→ **GIVEN DATA**
======

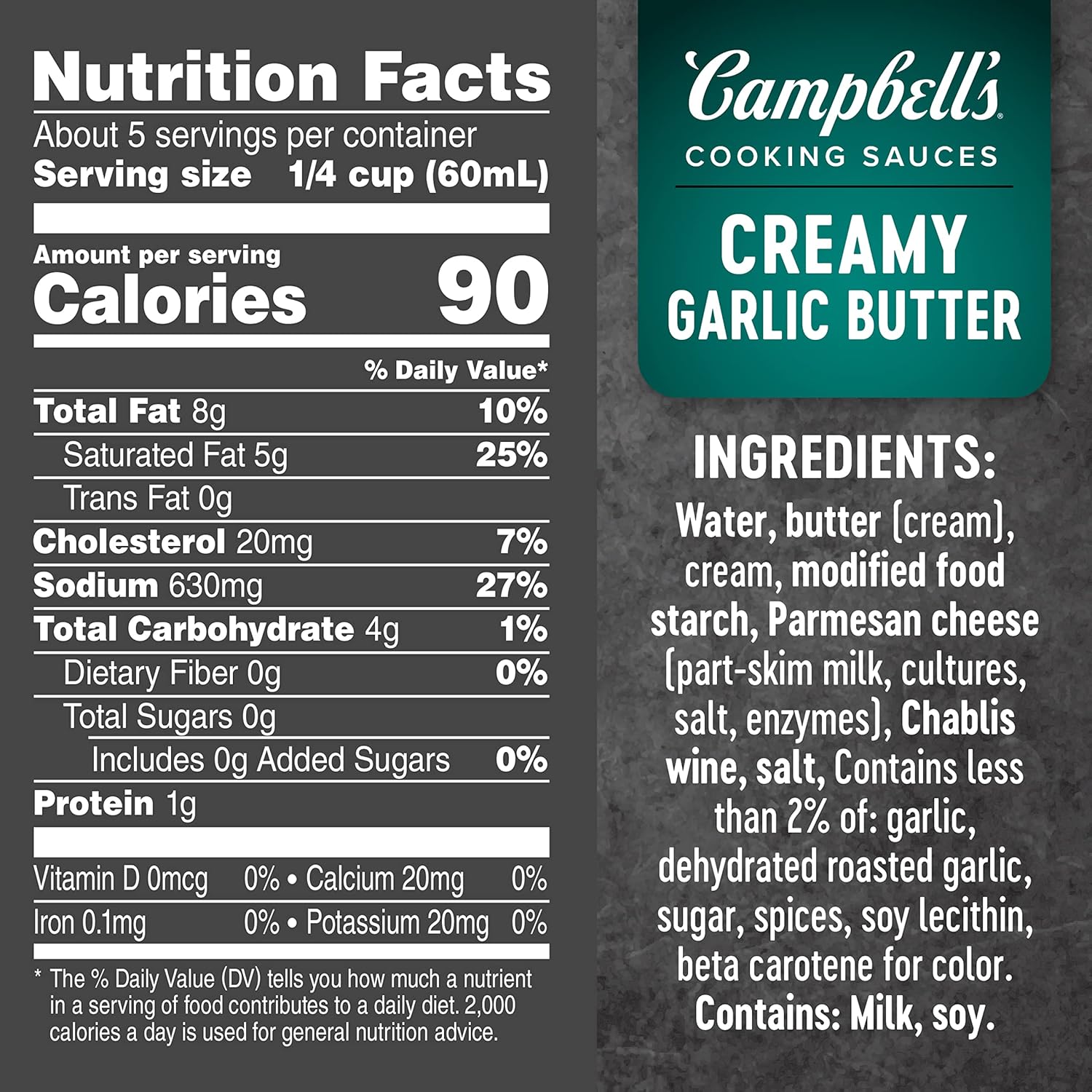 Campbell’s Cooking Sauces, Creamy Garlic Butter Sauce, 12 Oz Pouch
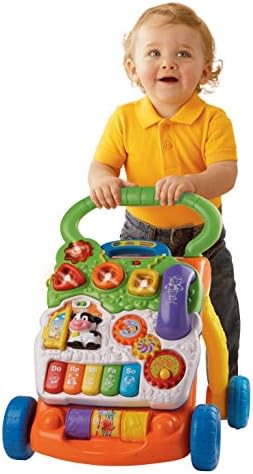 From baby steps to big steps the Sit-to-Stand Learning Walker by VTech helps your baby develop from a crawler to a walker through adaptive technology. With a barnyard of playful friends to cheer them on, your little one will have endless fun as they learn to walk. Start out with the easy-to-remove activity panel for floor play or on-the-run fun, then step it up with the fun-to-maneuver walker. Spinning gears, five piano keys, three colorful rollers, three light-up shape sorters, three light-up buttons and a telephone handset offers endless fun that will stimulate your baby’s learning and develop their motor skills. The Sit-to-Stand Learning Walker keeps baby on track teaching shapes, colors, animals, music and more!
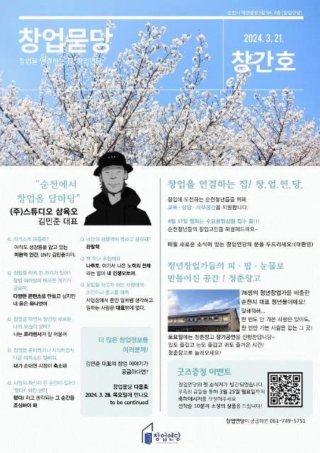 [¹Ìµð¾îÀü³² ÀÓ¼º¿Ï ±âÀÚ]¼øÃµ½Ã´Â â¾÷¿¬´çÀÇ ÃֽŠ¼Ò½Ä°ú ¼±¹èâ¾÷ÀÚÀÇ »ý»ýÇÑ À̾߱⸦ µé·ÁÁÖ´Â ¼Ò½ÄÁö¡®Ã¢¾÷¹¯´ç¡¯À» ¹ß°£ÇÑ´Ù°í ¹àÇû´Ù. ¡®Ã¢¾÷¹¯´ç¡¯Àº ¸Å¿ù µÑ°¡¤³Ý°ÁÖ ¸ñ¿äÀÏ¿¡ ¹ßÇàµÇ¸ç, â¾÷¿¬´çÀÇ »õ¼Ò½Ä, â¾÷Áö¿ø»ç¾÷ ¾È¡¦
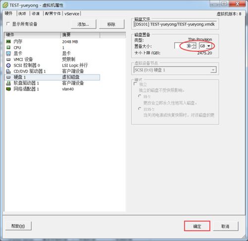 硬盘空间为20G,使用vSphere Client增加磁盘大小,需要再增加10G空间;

======

→ **ACTION ITEM**
Write the listing out a second time exactly, dropping all images.

→ **RESPONSE**
 Campbell’s Cooking Sauces, Creamy Garlic Butter Sauce, 12 Oz Pouch
 From baby steps to big steps the Sit-to-Stand Learning Walker by VTech helps your baby develop from a crawler to a walker through adaptive technology. With a barnyard of playful friends to cheer them on, your little one will have endless fun as they learn to walk. Start out with the easy-to-remove activity panel for floor play or on-the-run fun, then step it up with the fun-to-maneuver walker. Spinning gears, five piano keys, three colorful rollers, three light-up shape sorters, three light-up buttons and a telephone handset offers endless fun that will stimulate your baby’s learning and develop their motor skills. The Sit-to-Stand Learning Walker keeps baby on track teaching shapes, colors, animals, music and more!
 [¹Ìµð¾îÀü³² ÀÓ¼º¿Ï ±âÀÚ]¼øÃµ½Ã´Â â¾÷¿¬´çÀÇ ÃֽŠ¼Ò½Ä°ú ¼±¹èâ¾÷ÀÚÀÇ »ý»ýÇÑ À̾߱⸦ µé·ÁÁÖ´Â ¼Ò½ÄÁö¡®Ã¢¾÷¹¯´ç¡¯À» ¹ß°£ÇÑ´Ù°í ¹àÇû´Ù. ¡®Ã¢¾÷¹¯´ç¡¯Àº ¸Å¿ù µÑ°¡¤³Ý°ÁÖ ¸ñ¿äÀÏ¿¡ ¹ßÇàµÇ¸ç, â¾÷¿¬´çÀÇ »õ¼Ò½Ä, â¾÷Áö¿ø»ç¾÷ ¾È¡¦
 硬盘空间为20G,使用vSphere Client增加磁盘大小,需要再增加10G空间;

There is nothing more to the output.